Why This Matters Small habits can have a big impact on our lives, and understanding how they work can help us make positive changes. Here are some reasons why small habits matter:

  • Happiness: Small habits can lead to a 10% increase in happiness and a 25% increase in productivity.
  • Productivity: Small habits can help us stay focused and motivated, leading to greater productivity.
  • Health: Small habits can lead to better health outcomes, such as weight loss and improved mental health.
  • Career Success: Small habits can help us develop new skills and build our professional network.
  • Personal Growth: Small habits can help us develop greater self-awareness and self-discipline.

Crash Course Recap

  • Small habits can add up to make a big difference in our lives.
  • The 2-minute rule states that if a task can be done in less than 2 minutes, do it immediately.
  • The habit loop consists of a cue, a routine, and a reward.
  • The 4 laws of behavior change include consciousness raising, self-re-evaluation, self-liberation, and environmental reevaluation.
  • Defaults can influence our behavior, and we're more likely to follow a default option than to make a conscious decision.
  • The 5-second rule states that if you feel fear or anxiety, count down from 5 and take immediate action.
  • The 1% rule states that small, incremental changes can add up to make a big difference over time.
  • Micro-goals can lead to greater motivation and success than large, vague goals.
  • Consistency is key when it comes to building habits.
  • Our habits reflect our identity, and changing our habits can change our sense of self.
  • Social influence can be a powerful motivator when it comes to building habits.

⚠️ Don't confuse the 2-minute rule with the 5-second rule!
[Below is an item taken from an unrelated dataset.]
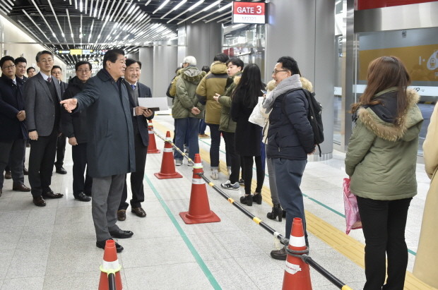 이 시장은 시공사인 롯데건설 관계자의 브리핑을 듣고 시설의 안전 등에 대해 살핀 후 버스를 승차하기 위해 기다리는 시민들에게 직접 이용에 불편함은 없는지 등을 묻기도 했다.

The 2-minute rule is about doing tasks immediately, while the 5-second rule is about taking action despite fear or anxiety.

Quiz Yourself

  1. What is the 2-minute rule? a) If a task can be done in less than 2 minutes, do it immediately. b) If a task can be done in less than 5 minutes, do it immediately. c) If a task can be done in less than 10 minutes, do it immediately.

Answer: a) If a task can be done in less than 2 minutes, do it immediately.

  1. What is the habit loop? a) A cue, a routine, and a reward. b) A goal, a plan, and a reward. c) A habit, a routine, and a reward.

Answer: a) A cue, a routine, and a reward.

  1. What is the 1% rule? a) Small, incremental changes can add up to make a big difference over time. b) Large, incremental changes can add up to make a big difference over time. c) No changes can add up to make a big difference over time.

Answer: a) Small, incremental changes can add up to make a big difference over time.

  1. What is the role of identity in habits? a) Our habits reflect our identity, and changing our habits can change our sense of self. b) Our habits don't reflect our identity, and changing our habits can't change our sense of self. c) Our habits reflect our identity, but changing our habits can't change our sense of self.

Answer: a) Our habits reflect our identity, and changing our habits can change our sense of self.

  1. What is the power of social influence in habits? a) Social influence can be a powerful motivator when it comes to building habits. b) Social influence has no impact on building habits. c) Social influence can be a barrier to building habits.

Answer: a) Social influence can be a powerful motivator when it comes to building habits.